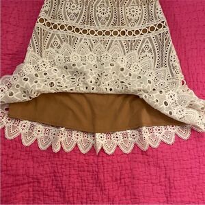 This elegant cream lace skirt is perfect for any occasion. Its intricate design adds a touch of sophistication to your wardrobe. New, no tags
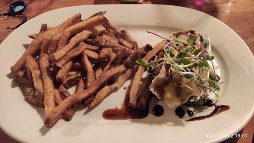 Main courses weren't as much to write home about. They were good, but maybe not to our tastes. The Mrs enjoyed the risotto, but found it a little "much". Translating to "it was good, but the richness of the duck was lost". Meanwhile I had the bavette. The plate was good and it was nice to get some actual home style french fries that were done right, but the steak did pack a punch. My initial thoughts were that they used liquid smoke, but it may just be the wood and smoking style. With the sauce and cheese it was good, but just the meat alone left almost a bitter taste in your mouth. Nothing like I've any time I've smoked meat at home.
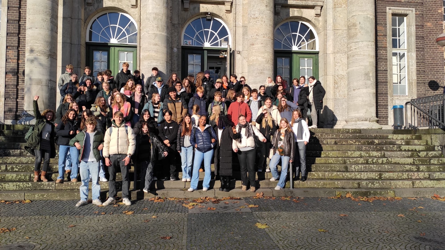 Auch in diesem Jahr kamen zahlreiche Schüler:innen vom Aremtheem College Thomas a Kempis im Zuge des Partneraustausches mit Arnhem zu Besuch und sorgten mit ihrer fröhlichen, offenen und aufgeweckten Art für frischen Wind am Moltke. Susanne Zühlke, Verantwortliche und Organisatorin des Austauschs, sorgte für ein abwechslungsreiches Tagesprogramm, welches die Schülergruppe aus den Niederlanden, die Moltke-Schüler:innen und die Lehrerinnen der Gastschule durch den Tag begleitete.
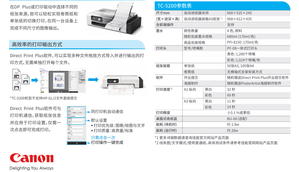 绘图仪佳能canontc-5200/5200m/5210/5210M A1 4色彩色打印机
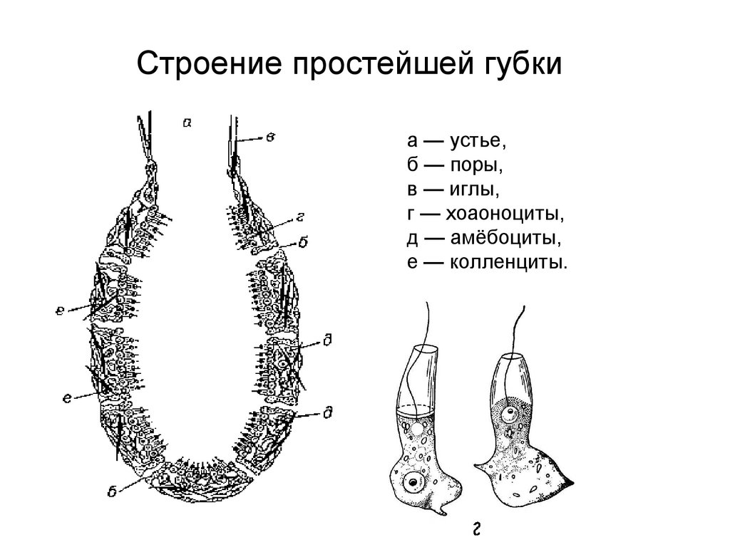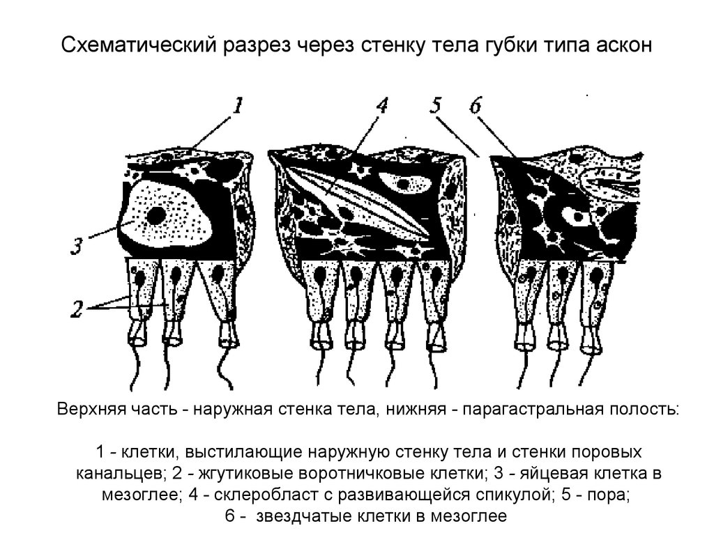 Схематический разрез через стенку тела губки типа асконВерхняя часть - наружная стенка тела, нижняя - парагастральная полость:

····················

Work request> No pictures should appear in the copy; write out exactly the lines from the one containing "Auch in diesem" through the end of the material.

Task result>
 Auch in diesem Jahr kamen zahlreiche Schüler:innen vom Aremtheem College Thomas a Kempis im Zuge des Partneraustausches mit Arnhem zu Besuch und sorgten mit ihrer fröhlichen, offenen und aufgeweckten Art für frischen Wind am Moltke. Susanne Zühlke, Verantwortliche und Organisatorin des Austauschs, sorgte für ein abwechslungsreiches Tagesprogramm, welches die Schülergruppe aus den Niederlanden, die Moltke-Schüler:innen und die Lehrerinnen der Gastschule durch den Tag begleitete.
 绘图仪佳能canontc-5200/5200m/5210/5210M A1 4色彩色打印机
 Схематический разрез через стенку тела губки типа асконВерхняя часть - наружная стенка тела, нижняя - парагастральная полость:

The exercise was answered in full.